Genentech, a member of the Roche Group (RO.SW, ROG.SW, RHHBY.PK), Tuesday said the U.S. Food and Drug Administration, or FDA, has approved ACTEMRA for the treatment of polyarticular juvenile idiopathic arthritis.
The rare, debilitating condition in children is characterized by inflammation in five or more joints, most commonly small joints such as the hands and feet, within the first six months of the disease.
The approval of ACTEMRA was backed by data from the Phase III CHERISH study which included a open label phase, followed by a randomized double-blind placebo-controlled withdrawal phase.
In the study, patients treated with ACTEMRA showed clinically meaningful improvement in signs and symptoms of the disease.
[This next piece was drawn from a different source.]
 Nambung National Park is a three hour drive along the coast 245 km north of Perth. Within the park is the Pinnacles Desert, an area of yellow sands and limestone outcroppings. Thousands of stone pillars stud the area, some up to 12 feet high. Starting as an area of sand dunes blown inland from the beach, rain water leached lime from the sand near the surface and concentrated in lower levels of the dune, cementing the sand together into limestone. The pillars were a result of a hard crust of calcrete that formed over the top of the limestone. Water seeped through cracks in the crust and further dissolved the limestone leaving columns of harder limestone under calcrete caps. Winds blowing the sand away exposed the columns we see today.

A total of 91 percent of patients taking ACTEMRA with methotrexat and 83 percent of patients taking ACTEMRA alone achieved an ACR 30 response at week 16 compared to baseline.
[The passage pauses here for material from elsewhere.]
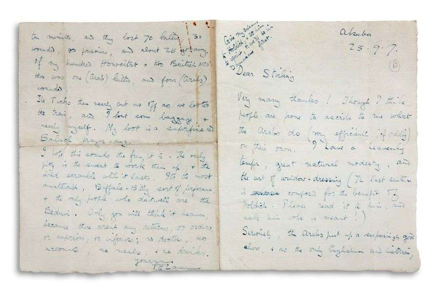L.A.S. « T.E. Lawrence », Akaba 25 septembre 1917, au Major Walter STIRLING | 4 pages in-8 (légères traces de rouille) | en anglais.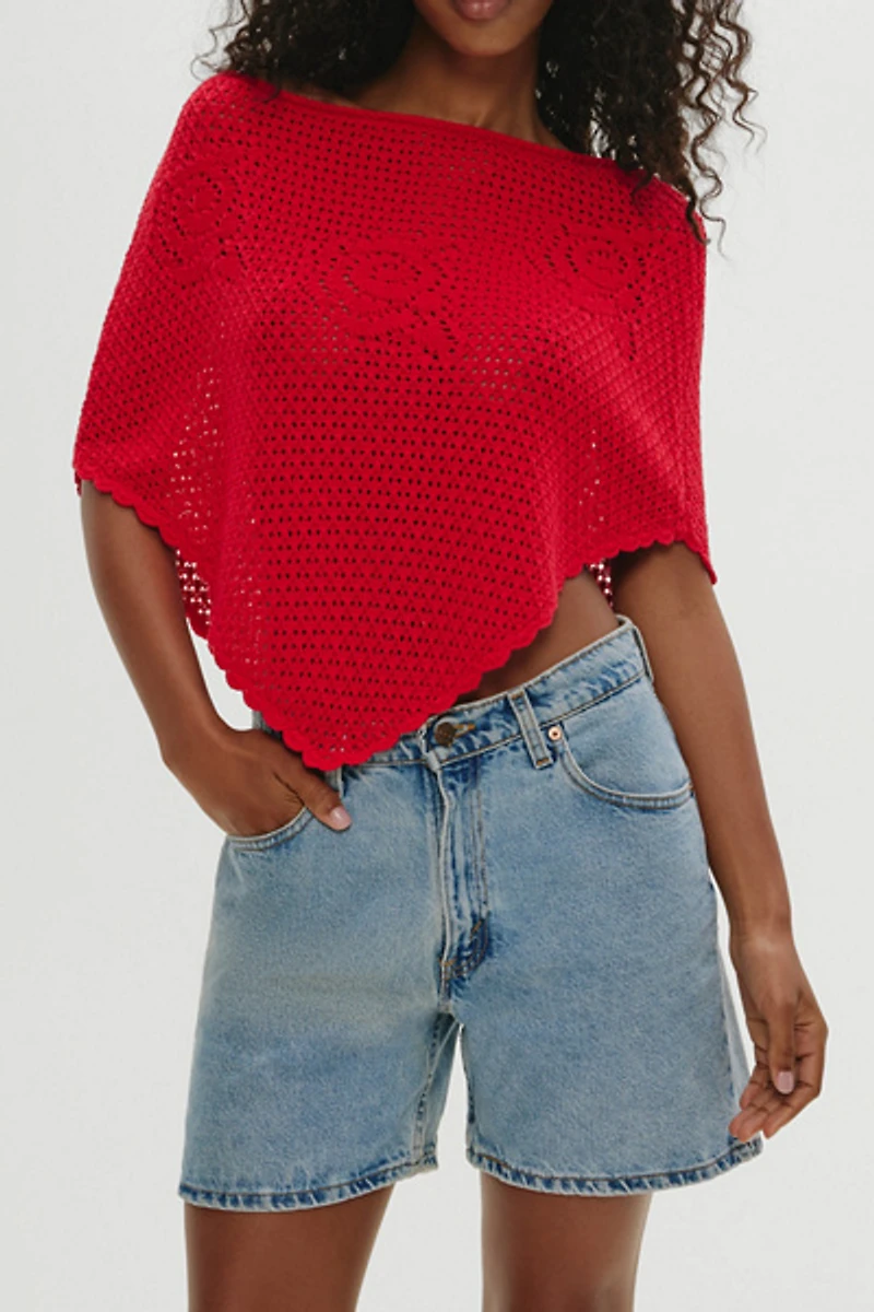 Crochet cape top from Frankies Bikinis featuring a rose pattern motif. Semi sheer cotton fabrication & finished with scallop trims.

Meanwhile, in the randomized double-blind placebo-controlled withdrawal phase of the trial, ACTEMRA-treated patients experienced significantly fewer disease flares compared to placebo-treated patients.
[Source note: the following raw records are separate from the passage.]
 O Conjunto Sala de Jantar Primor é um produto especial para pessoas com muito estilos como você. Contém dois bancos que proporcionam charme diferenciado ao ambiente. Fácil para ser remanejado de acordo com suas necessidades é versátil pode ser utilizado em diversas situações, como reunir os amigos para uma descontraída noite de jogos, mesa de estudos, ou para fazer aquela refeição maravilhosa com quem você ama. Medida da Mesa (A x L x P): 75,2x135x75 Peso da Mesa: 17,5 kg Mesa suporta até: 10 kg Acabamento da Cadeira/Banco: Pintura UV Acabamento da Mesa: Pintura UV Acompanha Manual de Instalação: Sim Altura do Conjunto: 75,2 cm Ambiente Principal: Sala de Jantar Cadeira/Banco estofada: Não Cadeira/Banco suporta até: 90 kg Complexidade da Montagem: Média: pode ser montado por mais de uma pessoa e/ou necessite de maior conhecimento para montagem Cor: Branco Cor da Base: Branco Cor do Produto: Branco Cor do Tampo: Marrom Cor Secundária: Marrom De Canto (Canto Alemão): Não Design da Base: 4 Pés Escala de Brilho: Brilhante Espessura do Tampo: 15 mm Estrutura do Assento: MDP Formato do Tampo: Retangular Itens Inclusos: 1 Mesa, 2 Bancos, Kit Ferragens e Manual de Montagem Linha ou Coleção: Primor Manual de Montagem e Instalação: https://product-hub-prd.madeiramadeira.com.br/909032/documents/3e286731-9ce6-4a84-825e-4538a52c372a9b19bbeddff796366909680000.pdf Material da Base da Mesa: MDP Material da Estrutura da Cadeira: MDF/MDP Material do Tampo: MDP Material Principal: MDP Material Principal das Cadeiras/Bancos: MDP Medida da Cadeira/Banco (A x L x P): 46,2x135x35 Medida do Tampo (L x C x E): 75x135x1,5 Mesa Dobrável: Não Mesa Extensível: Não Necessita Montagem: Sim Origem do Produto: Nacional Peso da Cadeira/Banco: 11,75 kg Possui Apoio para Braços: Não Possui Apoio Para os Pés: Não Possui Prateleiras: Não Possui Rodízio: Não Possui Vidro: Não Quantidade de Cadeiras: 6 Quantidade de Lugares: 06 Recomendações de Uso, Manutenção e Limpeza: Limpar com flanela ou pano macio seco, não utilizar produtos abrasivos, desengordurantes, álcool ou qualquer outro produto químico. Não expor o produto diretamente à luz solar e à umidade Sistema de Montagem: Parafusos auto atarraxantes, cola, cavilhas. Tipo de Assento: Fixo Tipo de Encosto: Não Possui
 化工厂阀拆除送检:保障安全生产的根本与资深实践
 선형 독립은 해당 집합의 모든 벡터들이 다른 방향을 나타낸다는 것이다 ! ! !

Infections were the most common adverse events observed over a period of 40 weeks. Laboratory abnormalities known to occur with ACTEMRA were also observed in this study, including decreases in white blood cell counts and platelet counts.
The medicine can can be given to children, two years of age and older, alone or in combination with methotrexat.
The FDA approval marks the second ACTEMRA indication in children and is the first FDA approval for the treatment of juvenile idiopathic arthritis in approximately five years.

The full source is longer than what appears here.